The door creaked as if the person on the other side had decided to force entry. Were two intruders trying to break inside? A maid would have knocked or used her set of keys. Of course, it could be a drunken guest who’d mistaken Damien’s room for his. It happened often at house parties and crowded inns. Sometimes a room was left unlocked for a liaison.

But it could also be that one of the conspirators had recognized Emily, despite all the efforts Damien had taken to protect her. She looked up at the glass and saw his bare body crouched beside the door.

She couldn’t cower naked on the floor, hiding uselessly, acting as helpless as a pudding while he fought to protect her. She stretched her arm to the hearth and reached backward for the handle of the brass shovel. It burned a little from being left close to the fire.

But she ground her teeth, grasped the handle, and prepared to jump up the instant that the door burst open.

It never did.

There was another furtive rattle at the knob, followed by receding footsteps and then quiet. Damien and Emily rose in unison. He blinked when he saw her, hair streaming over her bare breasts and hips, a coal shovel held above her head, her belly smudged with soot.

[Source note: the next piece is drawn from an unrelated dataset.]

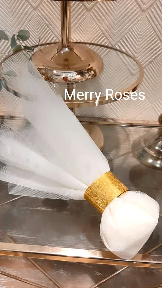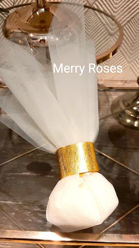 Τούλινη μπομπονιέρα γάμου με χρυσό σφυρήλατη διακοσμητική ράβδο
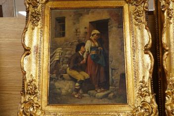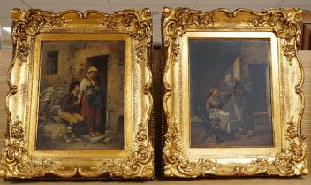 Lot 730 , 19th century, Italian School, Studies of beggars, unsigned, pair of oils on canvas, one inscribed ‘Zempinni’, verso, 29 x 22cm, gilt frames

“Good God,” he said, removing the knife from his teeth. “I have never seen such a sight in my life.”

•   •   •

He stared. He couldn’t help himself. If Aphrodite had launched an attack against Hephaestus when she was banished to Hades as his bride, she would have paled in comparison to Emily. The fire blazing at her back, the deep shadows of the evening, did nothing to dispel the image. “I assure you, Emily, that your state of undress would do far more to distract an intruder than a hearth utensil.” The moment would be forever emblazoned on his mind. She was a goddess who deserved his worship.

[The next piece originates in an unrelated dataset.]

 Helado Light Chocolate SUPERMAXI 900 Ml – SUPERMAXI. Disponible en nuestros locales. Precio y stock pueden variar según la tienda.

She lowered the shovel. “I was not about to hide under the bed while you were set upon by assailants.”

“Assailant,” he said in a clipped voice, searching for her robe. He resented the bastard for terrifying her. “I heard only one pair of boots at the door.”

“Perhaps it was the colonel coming to invite you again to cards. Perhaps he’d had a few too many and—”

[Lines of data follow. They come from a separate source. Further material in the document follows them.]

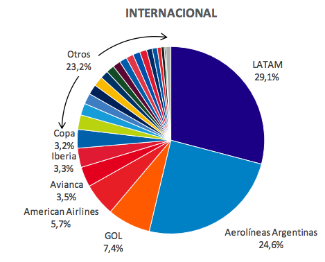 Hay más cuadros, pero cierro con el de market share, donde no está bien que en cabotaje esté todo tan concentrado y es donde tienen que entrar nuevos jugadores para repartir la torta, lo que no significa que los AR pierda pasajeros…
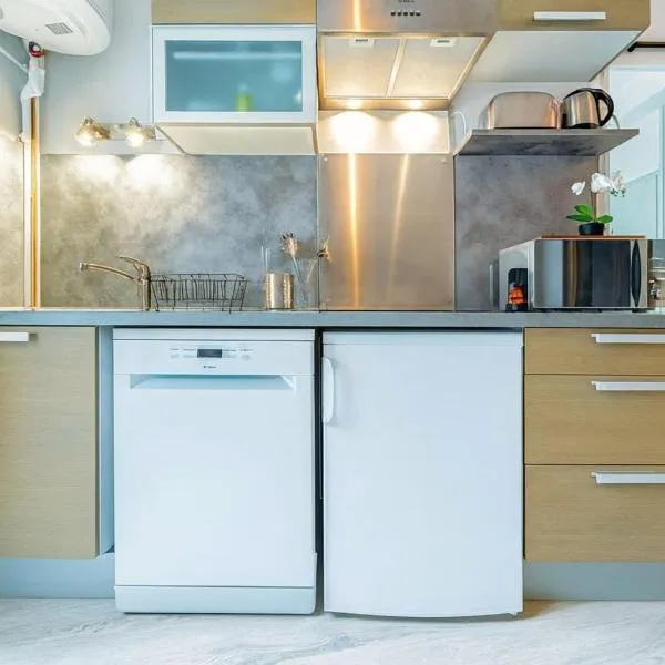 Spa & Relaxation 15 min de Lyon - Noomi Suite位于隆河省,距离里昂佩拉什站有6.4公里。客人可以使用热水浴池。住宿距离汇流博物馆有3.3公里,配备免费WiFi和免费私人停车位。 这家公寓拥有1间卧室、平板电视、带冰箱和洗碗机的设施齐全的厨房、洗衣机以及1间带淋浴设施的浴室。这家公寓配备空调,也配有1间带浴缸的浴室。
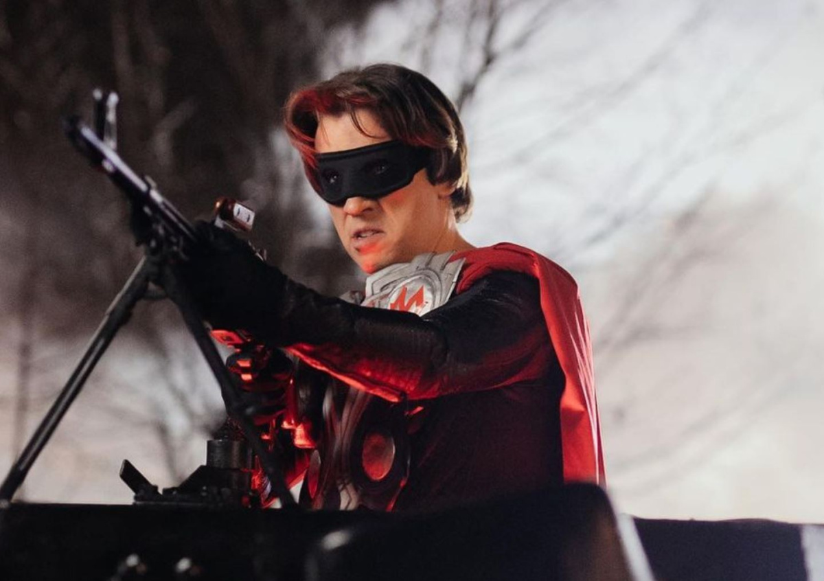 На фото Галкин запечатлён в чёрном костюме с алым плащом и красными буквами «М». Он позирует на внедорожнике с оружием в руках.

“Those were not the boots he was wearing,” he said as he came up beside her. He helped her into her silky Chinese robe. His gaze lowered on her breasts before she covered them from view. “Maybe we should dress at night and stay dressed for the remainder of the journey. I don’t want any other man seeing you like that. Whether he is a friend or enemy.”

She stared at his back as he walked to the dressing screen, his disregard for propriety as fascinating to her as ever. “The thought occurs to me that I don’t wish to share you with other women, either,” she said, the admission startling her perhaps more than it did him.

“What?” He pulled his shirt from the screen and faced her, unconcerned by his blatant state of undress. “What women?”

“I know you wanted to marry another woman. I thought I wanted another man.” She took a breath. “But we were wed so quickly there wasn’t time to discuss whether you will take a lover during our marriage. I know it’s done. I detest the practice. Infidelity destroys a woman’s heart.” And even though her mother had not deliberately betrayed her father, she had broken his heart.

He put on a fresh shirt, regarding her in irritation. “I have more than enough on my hands, what with preventing an assassination and protecting you, than to even consider taking a lover,” he said. “Do you intend to take one, detesting the practice aside?” he asked, pulling on his trousers.